(Stored records)
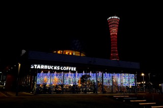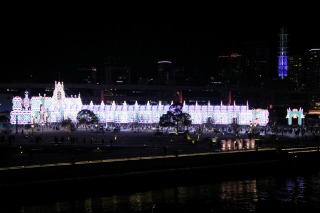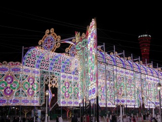 メリケンパーク入口の巨大な光の玄関口「フロントーネ」。幅約48m。
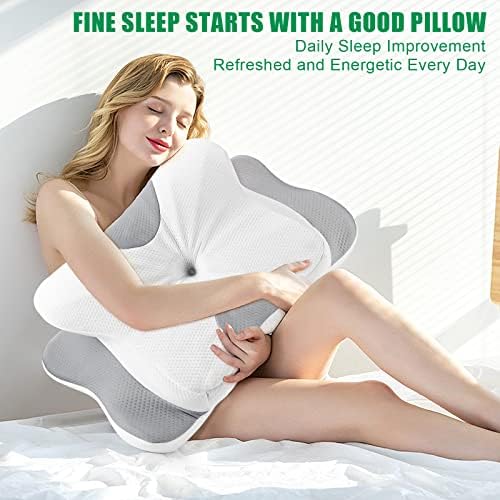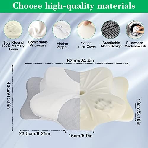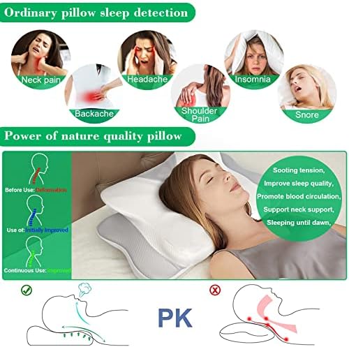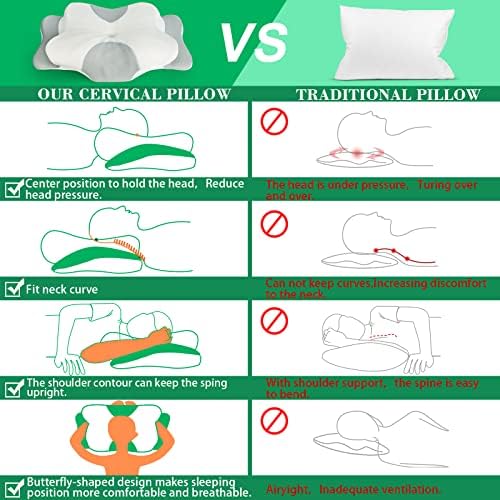 REDUCE DISCOMFORT AND PAIN The proven contour design perfectly supports and aligns the head, neck, shoulder and back. The slope prevents the head from rolling out of a stable position. Brings a reduction of stress in the cervical spine and spine. Improve sleep and relieve your neck and shoulder pain, discomfort. The butterfly design allows you to switch between positions comfortably. You will wake up refreshed.
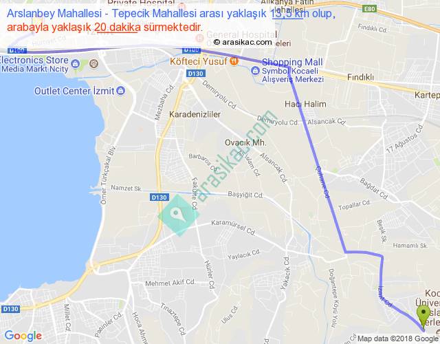 Arslanbey Mahallesi - Tepecik Mahallesi arası yaklaşık olarak 90 km/h ile yukarıda belirtilen sürede olup, iki yerin kuş uçuşu uzaklığı (mesafesi) 10'dir. Yolculuk otobüsle 26 dakika sürmektedir.
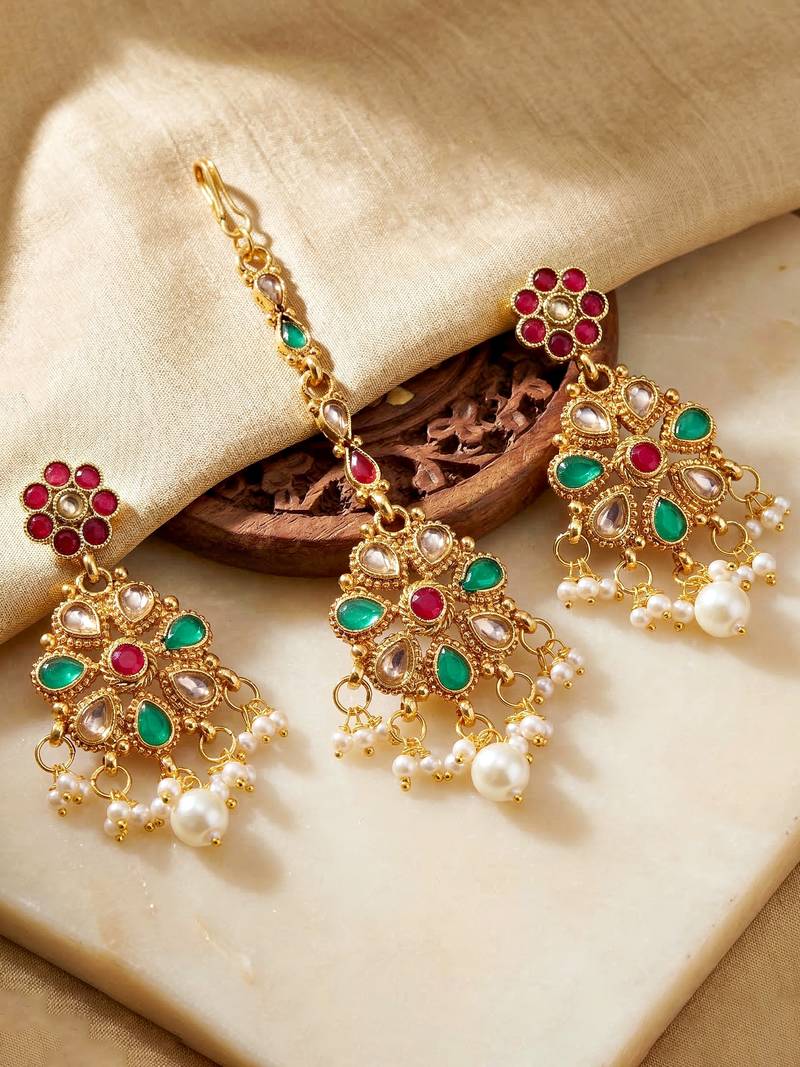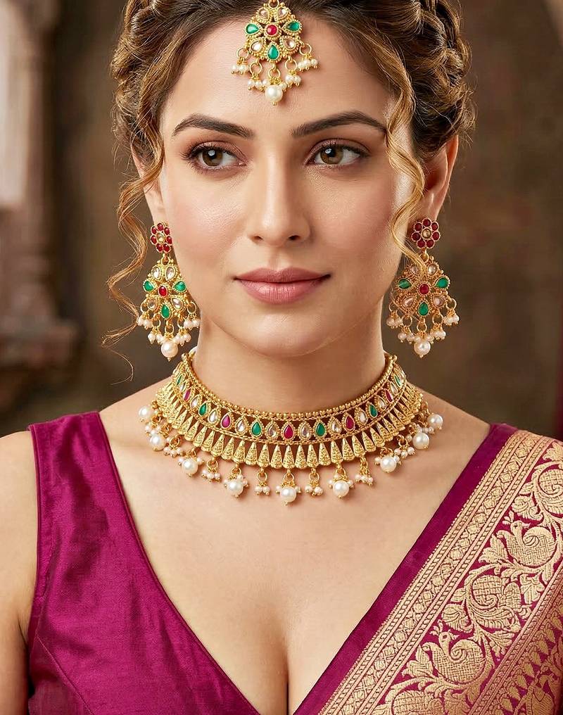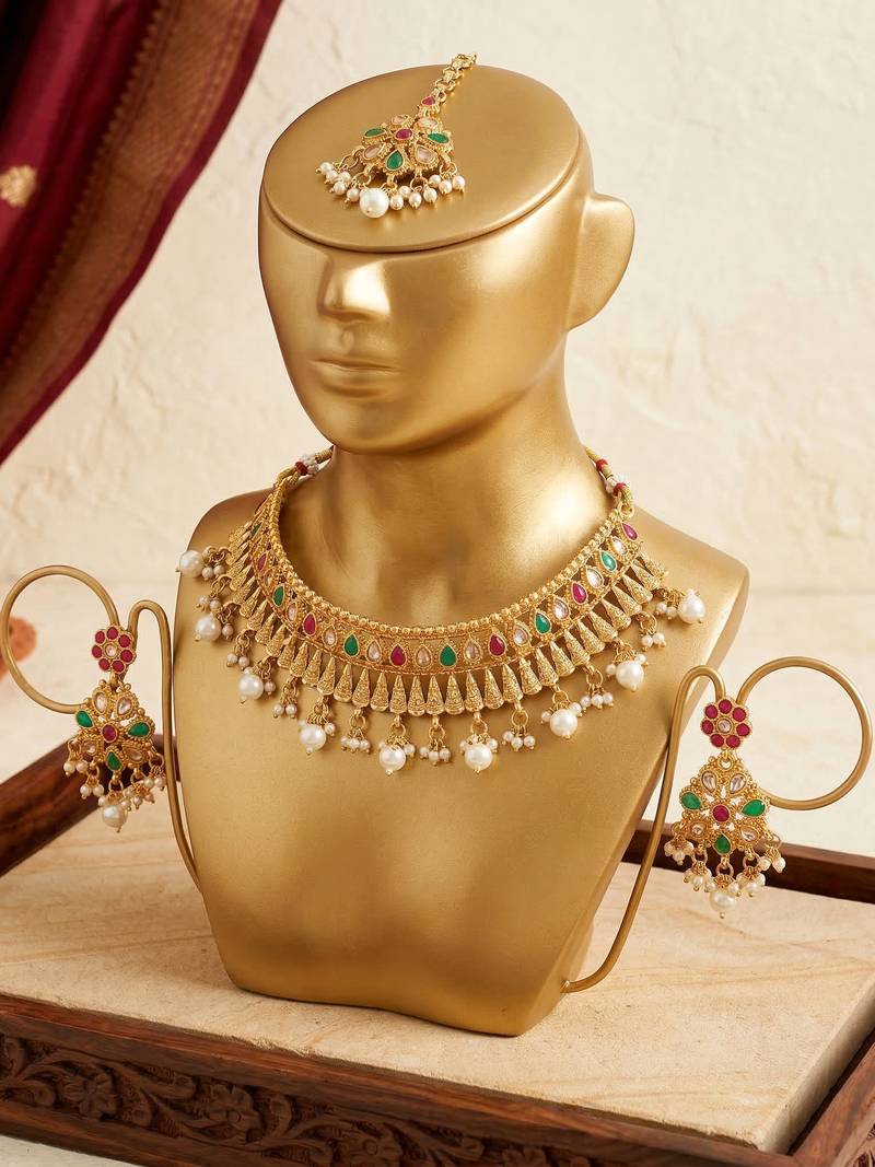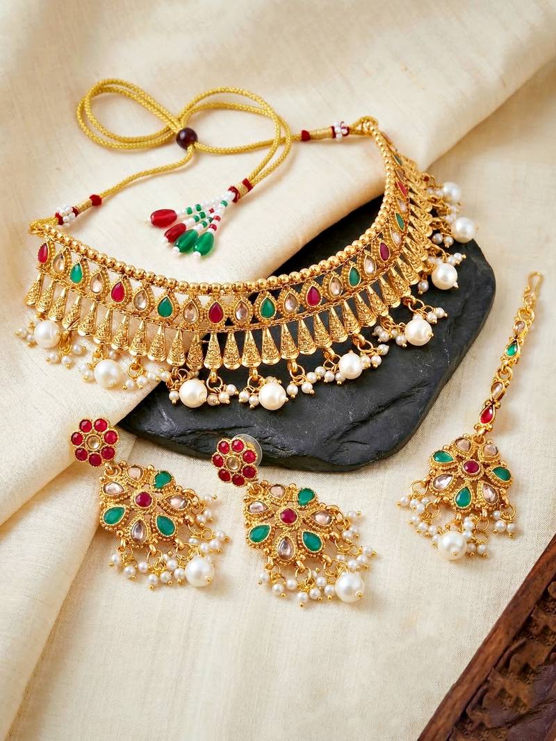 | Product Description | Elegant Gold Plated Choker Necklace Set Featuring Ruby And Green Color Accents With Pearl Drops, Including Matching Earrings And Maang Tikka. Perfect For Weddings, Festive Occasions And Ethnic Wear. |
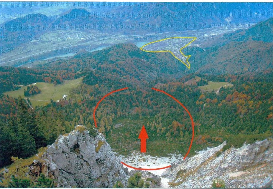 Slika 2. Lega vršaja Koroška Bela (rumeno) ter plazu na Potoški planini (rdeče).
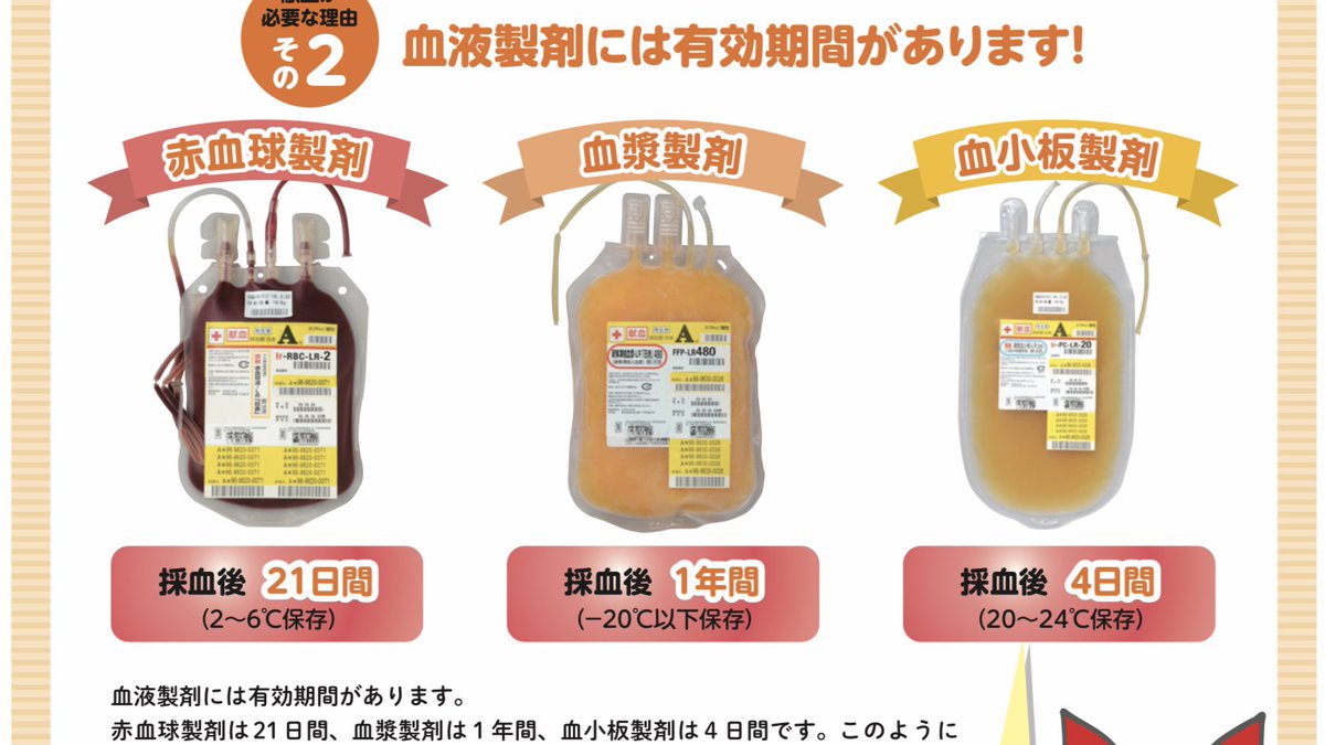 採血後4日間しか保たないので、献血者がいなくなると、すぐに枯渇するのです💦
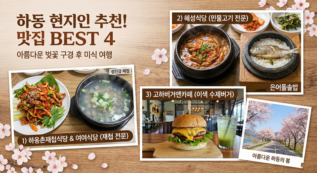 아름다운 벚꽃 구경 후에는 하동의 신선한 식재료로 만든 맛있는 음식이 여행의 만족도를 높여줍니다. 광고가 아닌 현지인과 여행객들에게 꾸준히 사랑받는 맛집 네 곳을 엄선했습니다.
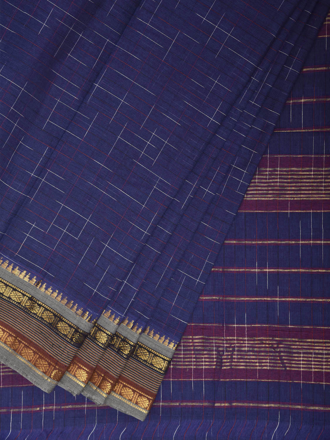 Blue Narayanpet Cotton Handloom Saree with Strips Pallu Design No Blouse np1374

◆ **To do**
Each entry is to be returned as it stands, and each picture is to be left out.

◆ **Task answer**
 メリケンパーク入口の巨大な光の玄関口「フロントーネ」。幅約48m。
 REDUCE DISCOMFORT AND PAIN The proven contour design perfectly supports and aligns the head, neck, shoulder and back. The slope prevents the head from rolling out of a stable position. Brings a reduction of stress in the cervical spine and spine. Improve sleep and relieve your neck and shoulder pain, discomfort. The butterfly design allows you to switch between positions comfortably. You will wake up refreshed.
 Arslanbey Mahallesi - Tepecik Mahallesi arası yaklaşık olarak 90 km/h ile yukarıda belirtilen sürede olup, iki yerin kuş uçuşu uzaklığı (mesafesi) 10'dir. Yolculuk otobüsle 26 dakika sürmektedir.
 | Product Description | Elegant Gold Plated Choker Necklace Set Featuring Ruby And Green Color Accents With Pearl Drops, Including Matching Earrings And Maang Tikka. Perfect For Weddings, Festive Occasions And Ethnic Wear. |
 Slika 2. Lega vršaja Koroška Bela (rumeno) ter plazu na Potoški planini (rdeče).
 採血後4日間しか保たないので、献血者がいなくなると、すぐに枯渇するのです💦
 아름다운 벚꽃 구경 후에는 하동의 신선한 식재료로 만든 맛있는 음식이 여행의 만족도를 높여줍니다. 광고가 아닌 현지인과 여행객들에게 꾸준히 사랑받는 맛집 네 곳을 엄선했습니다.
 Blue Narayanpet Cotton Handloom Saree with Strips Pallu Design No Blouse np1374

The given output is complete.